Applied Machine Learning - Week 2

Monday the 28th of April - Friday the 2nd of May 2025

Monday 28th of April (afternoon):
Lectures: We will then look into Hyperparameters, Overtraining, and Early stopping. Both slides and associated code making them can be found on GitHub.
     We will also have a look at the Week1 exercise solutions, and possibly discuss Loss values in training and validation.
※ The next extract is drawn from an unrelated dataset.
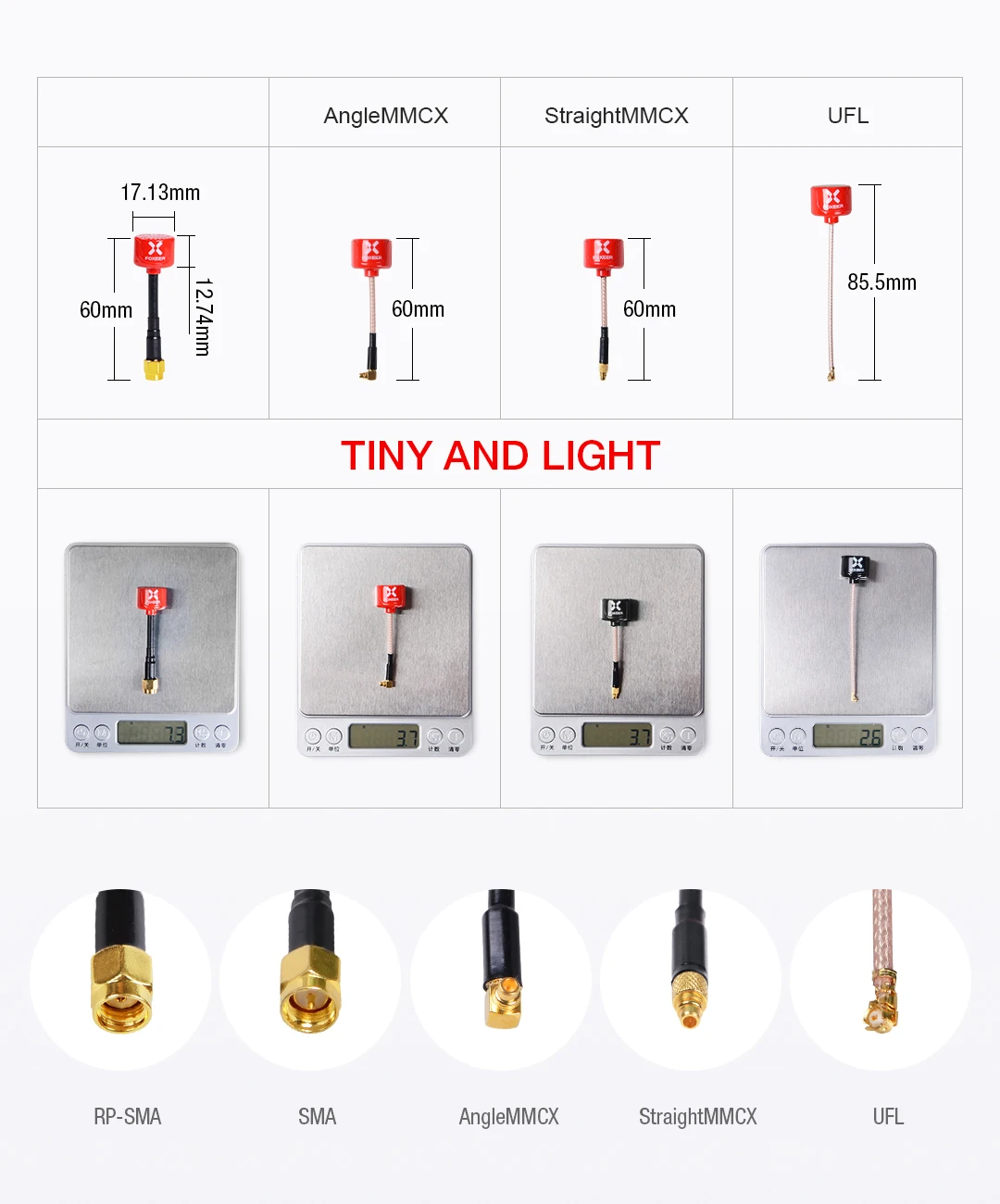 Foxeer антенна Lollipop 3 V3, FPV антенна 5,8G 2.6Dbi короткая RHCP SMA RPSMA UFL прямойугол MMCX 10 см для FPV радиоуправляемого гоночного дрона
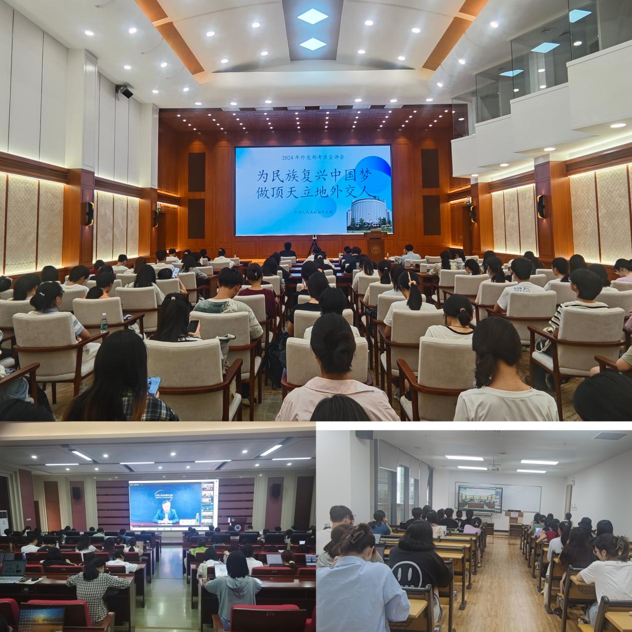 外交部干部司刘原辰对外交部考录政策进行了详细介绍,主要涉及报考流程、招考职位、职业发展、福利待遇等关键信息。在互动环节,细致解答同学们的提问,并鼓励大家积极报考外交部。外交部干部司考录培训处一秘李建军等出席活动。

Exercises: The main exercise is to run a Hyper Parameter (HP) optimisation on one of your algorithm trainings. Compare "Grad", "Grid", and "Random" in time and performance.
     As an additional exercise, make a regression model of e.g. energy or |cTheta| from the other variables in the Aleph b-jet dataset.

Wednesday 30th of April (morning):
Lectures: Input feature ranking and Shapley values and ML method performance overview.
     Initial project kick-off with introduction to this "Kaggle-like" project.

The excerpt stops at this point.